That would take us back to about 1948, which isn't a bad span to consider,
although it's five years before I got interested in control theory and
started to learn it. Sixty or 65 years would take us back to the 1930s,
when electrical engineers were just starting to work out the principles of
control with electromechanical systems. That might be an even better place
to start.

The main documented discoveries during these earliest years concerned
things that we now rather take for granted; the basic functions required
for control, such as sensing, comparison with reference signals, and
conversion of error signals to output with suitable dynamic filtering to
achieve stability. In these early years, all the design work was aimed at
automating tasks formerly done by human beings, such as adjusting
voltage-balancing circuits to read the voltage of a standard cell, or
adjusting generator outputs of power plants to compensate for changes in
the load, or aiming guns on board a rolling ship. All these tasks were of
one particular kind: they involved variable actions that had to be adjusted
on the fly to maintain something in the environment in a constant condition
or bring something to some desired state and keep it there, in the presence
of unpredictable disturbances. Open-loop machines of the kind that had been
prevalent since before the Industrial Revolution could not do this sort of
thing; only human beings could. This is why all those old machines had
human operators: not to act like another cog in the industrial machine, but
to do all those variable and unpredictable things that needed to be done to
keep the classical machine working right. Charlie Chaplin's "Modern Times"
captured the picture of the human cog in the machine, but missed the fact
that only a human being could have put a wrench on a passing bolt and
tighten it by just the amount needed.

In developing these surrogates for the human operator, the early electrical
engineers were actually building models of human behavior, although they
didn't consider that their primary objective. So I think we could say that
the real research on PCT began with these engineers, who of course left
behind a great deal of documentation.

During World War II, cybernetics began to form and culminated in Wiener's
1948 book. At the same time, many "engineering psychologists" began to
investigate the human operator, for the first time representing what the
human being in a man-machine system was doing explicitly as a control
process.

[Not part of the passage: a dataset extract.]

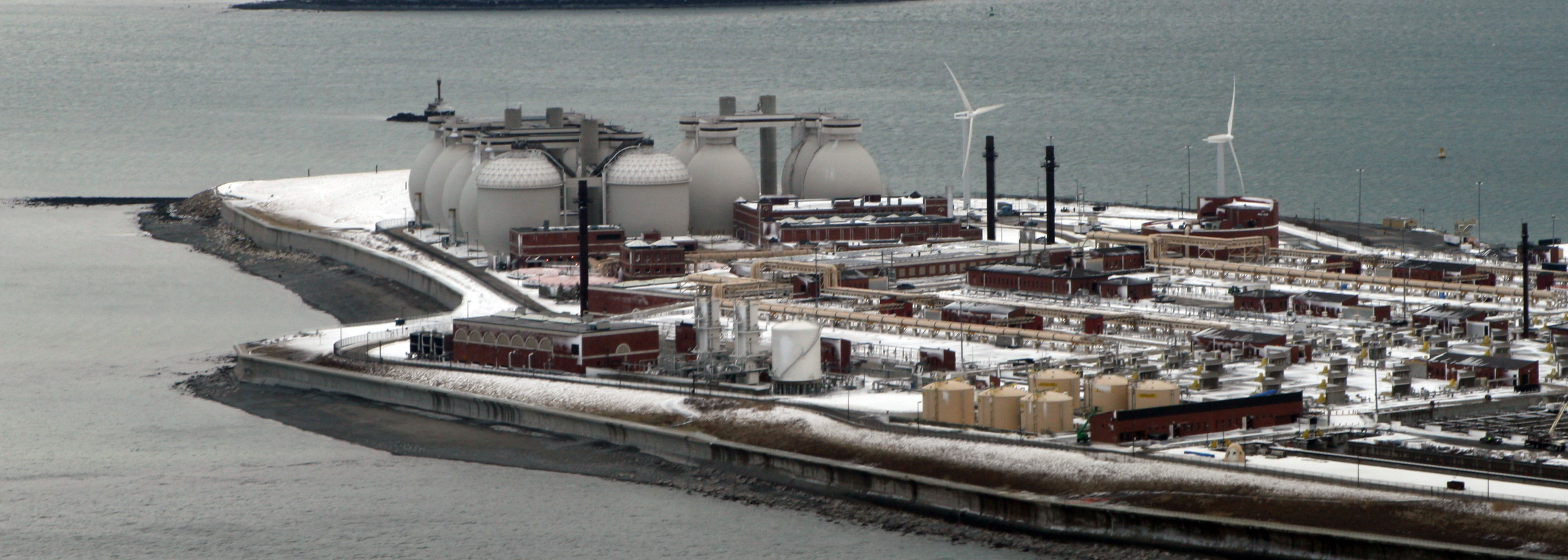 The Deer Island Waste Water Treatment Plant operated by The Massachusetts Water Resources Authority, on Deer Island, one of the Boston Harbor Islands in Boston Harbor. This is the second-largest sewage treatment plant in the country, with twelve egg-shaped "digesters" that turn sewage into the makings of fertilizer.

Biologists and physiologists also started using analog computing
as a way of simulating control systems within the body: biochemical
systems, reflexes, and other regulatory processes. The first steps were
taken toward analyzing neuromuscular control systems. There was a fairly
extensive literature in all these fields, although the technical nature of
the analyses restricted the number of people who could understand what they
meant. As an aside, Bandura once published a diagram of an analog computing
setup being used by, I think, some British investigators to analyse a
physiological system. Bandura used it as an example of a model that nobody
could possibly understand.

I was inspired by reading Wiener's book in about 1952. Wiener had mentioned
the fact the some control loops might extend outside the body, so that
control theory could apply to more than balancing the body or maintaining
body temperature. By 1953 I had realized that feedback control could be
involved in all aspects of behavior, and I began to learn about it, aided
by analog computers which themselves contained many lessons about how
feedback works. I learned about control of input not from servomechanism
theory but from reading about how the operational amplifiers in an analogue
computer worked. The critical comment made by one writer was that an
operational amplifier can most easily be understood as maintaining its
negative input at the same voltage as its positive input, via the feedback
path where the computing components were placed. When I read that I
suddenly understood how human control systems work, and that was the true
beginning of PCT.

During the 1950s, with Bob Clark, I did my first experiments with human
control systems. The equipment was crude and the ideas often misguided, but
gradually a picture started to form of a hierarchy of control, and I began
to see how it might be possible to simulate control and thus evaluate the
parameters of real human control systems. I spent a lot of time building
gadgets to measure control properties. One of them still sits in my storage
shed -- the original of the apparatus Dick Robertson later emulated with a
computer and used to do the work on nested reaction times in his "Phantom
Plateau" paper. In those days only oscilloscopes and strip-chart or X-Y
recorders were available for displaying controlled variables and recording
the results of experiments; my analog computer got hooked into many of
these experiments as a handy way of providing the control electronics. And
I built many a rat's nest of vacuum-tube circuits and many a
cobbled-together pneumatic actuator, the equipment and design time being
unintentionally subsidized by the V. A. Research Hospital where all this
took place. It was here, by the way, that I established the true reaction
time in a spinal motor control system as being something under 50
milliseconds; this was done by hooking up an electromyograph to pronator
teres and finding the earliest correlated spike after a mechanical
disturbance of a handle that a person was holding steady in torsion gainst
mechanical disturbances (that measure, it turns out, is much too long).
Even then, psychologists were saying that feedback is too slow, and I
wanted to show that it isn't.

There were many other experiments along the way. If any of them had been
picked up by others, the way Skinner's little "cumulative record" device
got picked up and used, there would doubtless be a large literature
relating to them. But of course in the late 1950s, when we were trying to
get psychologists interested in these things, the digital computer was
already on the scene and starting to take over, and there was little
interest in our arcane explorations. It wsn't long before everyone more or
less forgot how to "do analog."

After the 1960 papers, Clark, MacFarland, and I split up and I went off to
try to get a degree in psychology because Don Campbell pulled some strings
and got me a scholarship at Northwestern. I lasted one year in that
Spencian department, and then went to work at the Dearborn Observatory
building low-light-level TV cameras for astronomy. I was pretty well burned
out on control theory, especially with respect to getting any psychologists
to take it seriously. I gave one paper at a biophysical society meeting,
then ten years later published the paper (the Verhave rat experiment) in
_Behavioral Science_, but that was all I had the heart to do. If it weren't
for Don Campbell (again!) I suppose I might have eventually given up on the
whole thing. But he kept after me to write the book that became B:CP, and
he and Hugh Petrie arranged for me to give talks at lunchtime seminars and
give a student-sponsored seminar, and just generally wouldn't let me quit.
So in 1973 B:CP came out and I looked forward to becoming rich and famous.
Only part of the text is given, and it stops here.